Note that for “wildcard” subscriptions (see How the client specifies what
resources to return for details), the
request must either specify *
in the resource_names_subscribe
field or (legacy behavior) the request must have no resources in both
resource_names_subscribe and
resource_names_unsubscribe.
Resource names
Resources are identified by a resource name or an alias. Aliases of a resource, if present, can be identified by the alias field in the resource of a DeltaDiscoveryResponse. The resource name will be returned in the name field in the resource of a DeltaDiscoveryResponse.
Subscribing to Resources
The client can send either an alias or the name of a resource in the resource_names_subscribe field of a DeltaDiscoveryRequest in order to subscribe to a resource. Both the names and aliases of resources should be checked in order to determine whether the entity in question has been subscribed to.

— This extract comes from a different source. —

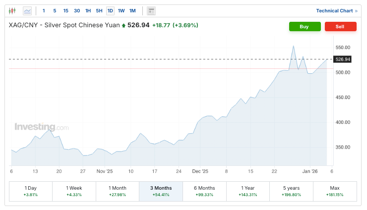 Because China dominates the manufacturing of solar panels and EVs, their domestic demand for silver is massive. This has caused silver to trade at a significantly higher price in Shanghai compared to London or New York (Investing.com).

A resource_names_subscribe field may contain resource names that the server believes the client is already subscribed to, and furthermore has the most recent versions of. However, the server must still provide those resources in the response; due to implementation details hidden from the server, the client may have “forgotten” those resources despite apparently remaining subscribed.
Unsubscribing from Resources
When a client loses interest in some resources, it will indicate that with the resource_names_unsubscribe field of a DeltaDiscoveryRequest. As with resource_names_subscribe, these may be resource names or aliases.
A resource_names_unsubscribe field may contain superfluous resource names, which the server thought the client was already not subscribed to. The server must cleanly process such a request; it can simply ignore these phantom unsubscriptions.
In most cases (see below for exception), a server does not need to send any response if a request does nothing except unsubscribe from a resource; in particular, servers are not generally required to send a response with the unsubscribed resource name in the removed_resources field.
However, there is one exception to the above: When a client has a wildcard subscription (*
) and
a subscription to another specific resource name, it is possible that the specific resource name is
also included in the wildcard subscription, so if the client unsubscribes from that specific
resource name, it does not know whether or not to continue to cache the resource. To address this,
the server must send a response that includes the specific resource in either the
removed_resources
field (if it is not included in the wildcard) or in the
resources
field (if it is included in the wildcard).
Knowing When a Requested Resource Does Not Exist
When a resource subscribed to by a client does not exist, the server will send a DeltaDiscoveryResponse message that contains that resource’s name in the removed_resources field. This allows the client to quickly determine when a resource does not exist without waiting for a timeout, as would be done in the SotW protocol variants. However, clients are still encouraged to use a timeout to protect against the case where the management server fails to send a response in a timely manner.
REST-JSON polling subscriptions
Synchronous (long) polling via REST endpoints is also available for the xDS singleton APIs. The above sequencing of messages is similar, except no persistent stream is maintained to the management server. It is expected that there is only a single outstanding request at any point in time, and as a result the response nonce is optional in REST-JSON. The JSON canonical transform of proto3 is used to encode DiscoveryRequest and DiscoveryResponse messages. ADS is not available for REST-JSON polling.
When the poll period is set to a small value, with the intention of long polling, then there is also a requirement to avoid sending a DiscoveryResponse unless a change to the underlying resources has occurred via a resource update.